Your goal:
Leave the pictures out and restate every line below exactly.

[Stored data]
···
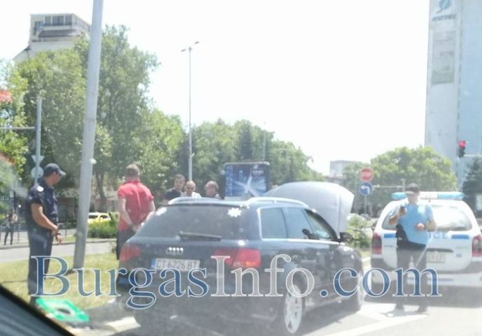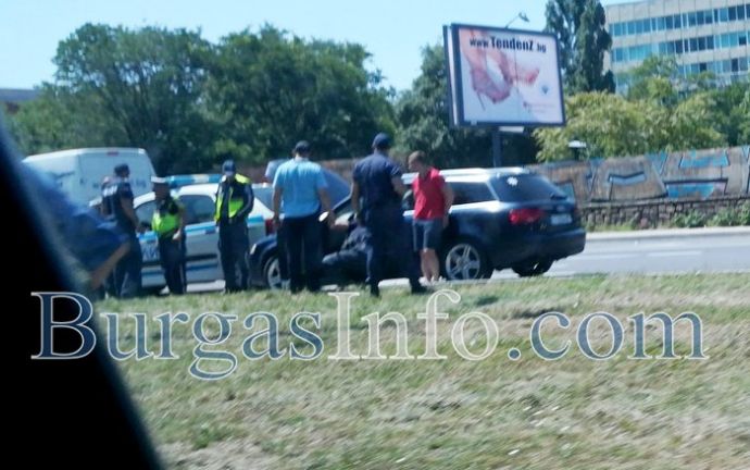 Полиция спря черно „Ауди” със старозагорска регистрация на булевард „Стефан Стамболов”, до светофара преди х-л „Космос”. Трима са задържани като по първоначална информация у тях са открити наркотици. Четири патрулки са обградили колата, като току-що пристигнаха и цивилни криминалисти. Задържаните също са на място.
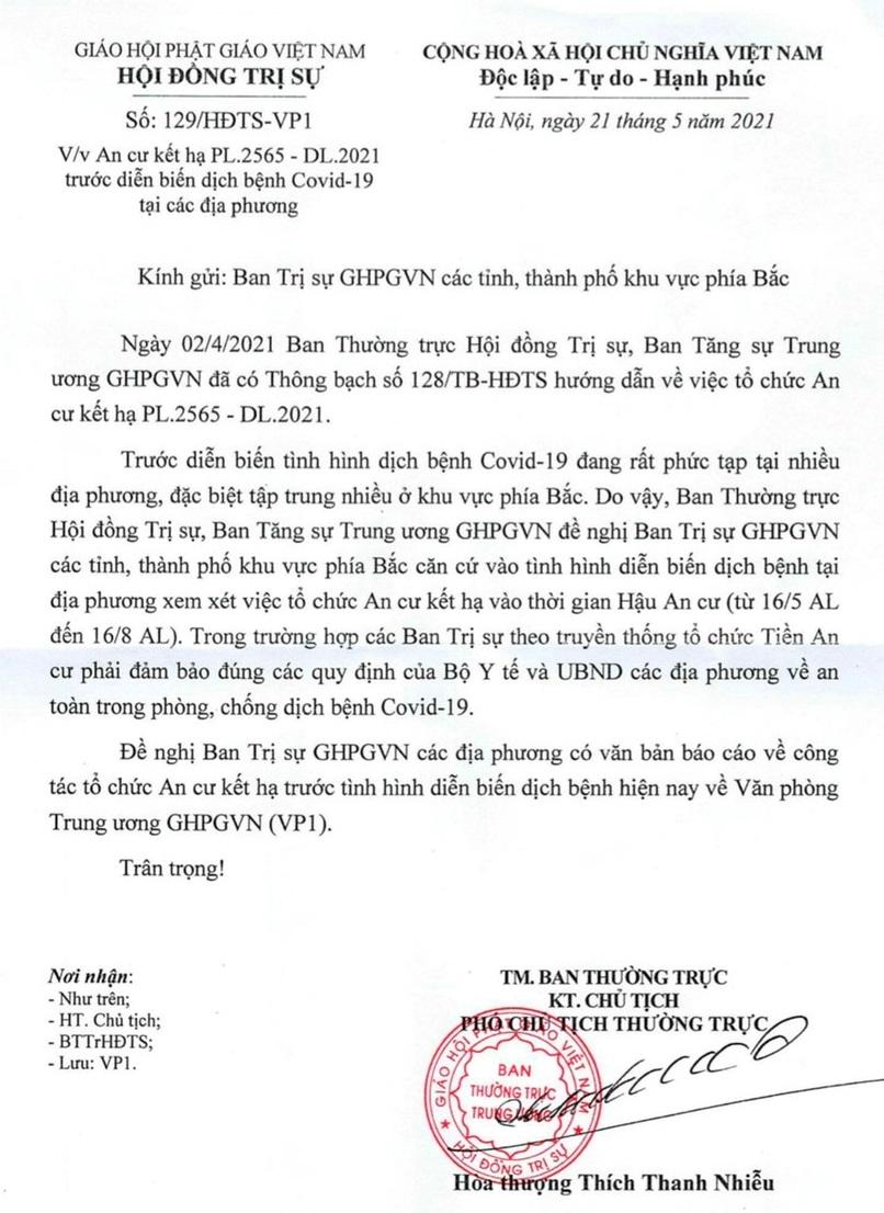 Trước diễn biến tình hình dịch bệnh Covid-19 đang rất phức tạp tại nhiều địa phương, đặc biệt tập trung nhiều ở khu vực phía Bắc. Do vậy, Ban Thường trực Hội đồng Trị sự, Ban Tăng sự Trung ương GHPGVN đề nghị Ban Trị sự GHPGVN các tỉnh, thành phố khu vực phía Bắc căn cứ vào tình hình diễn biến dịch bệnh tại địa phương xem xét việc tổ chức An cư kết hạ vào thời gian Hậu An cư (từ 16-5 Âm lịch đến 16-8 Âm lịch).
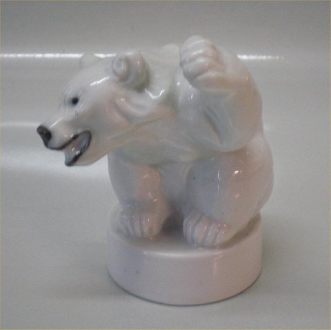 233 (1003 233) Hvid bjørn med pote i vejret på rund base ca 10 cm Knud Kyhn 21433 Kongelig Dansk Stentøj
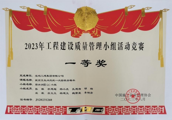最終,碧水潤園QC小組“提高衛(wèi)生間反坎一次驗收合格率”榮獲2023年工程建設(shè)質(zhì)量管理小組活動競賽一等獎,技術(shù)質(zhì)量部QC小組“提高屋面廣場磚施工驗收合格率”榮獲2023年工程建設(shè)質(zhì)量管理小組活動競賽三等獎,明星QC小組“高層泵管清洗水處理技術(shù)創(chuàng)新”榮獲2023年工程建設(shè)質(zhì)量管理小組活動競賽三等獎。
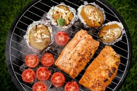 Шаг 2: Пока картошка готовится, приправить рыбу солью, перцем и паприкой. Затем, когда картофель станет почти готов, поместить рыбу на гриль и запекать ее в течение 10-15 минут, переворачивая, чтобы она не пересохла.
···
Response to the exercise:
 Полиция спря черно „Ауди” със старозагорска регистрация на булевард „Стефан Стамболов”, до светофара преди х-л „Космос”. Трима са задържани като по първоначална информация у тях са открити наркотици. Четири патрулки са обградили колата, като току-що пристигнаха и цивилни криминалисти. Задържаните също са на място.
 Trước diễn biến tình hình dịch bệnh Covid-19 đang rất phức tạp tại nhiều địa phương, đặc biệt tập trung nhiều ở khu vực phía Bắc. Do vậy, Ban Thường trực Hội đồng Trị sự, Ban Tăng sự Trung ương GHPGVN đề nghị Ban Trị sự GHPGVN các tỉnh, thành phố khu vực phía Bắc căn cứ vào tình hình diễn biến dịch bệnh tại địa phương xem xét việc tổ chức An cư kết hạ vào thời gian Hậu An cư (từ 16-5 Âm lịch đến 16-8 Âm lịch).
 233 (1003 233) Hvid bjørn med pote i vejret på rund base ca 10 cm Knud Kyhn 21433 Kongelig Dansk Stentøj
最終,碧水潤園QC小組“提高衛(wèi)生間反坎一次驗收合格率”榮獲2023年工程建設(shè)質(zhì)量管理小組活動競賽一等獎,技術(shù)質(zhì)量部QC小組“提高屋面廣場磚施工驗收合格率”榮獲2023年工程建設(shè)質(zhì)量管理小組活動競賽三等獎,明星QC小組“高層泵管清洗水處理技術(shù)創(chuàng)新”榮獲2023年工程建設(shè)質(zhì)量管理小組活動競賽三等獎。
 Шаг 2: Пока картошка готовится, приправить рыбу солью, перцем и паприкой. Затем, когда картофель станет почти готов, поместить рыбу на гриль и запекать ее в течение 10-15 минут, переворачивая, чтобы она не пересохла.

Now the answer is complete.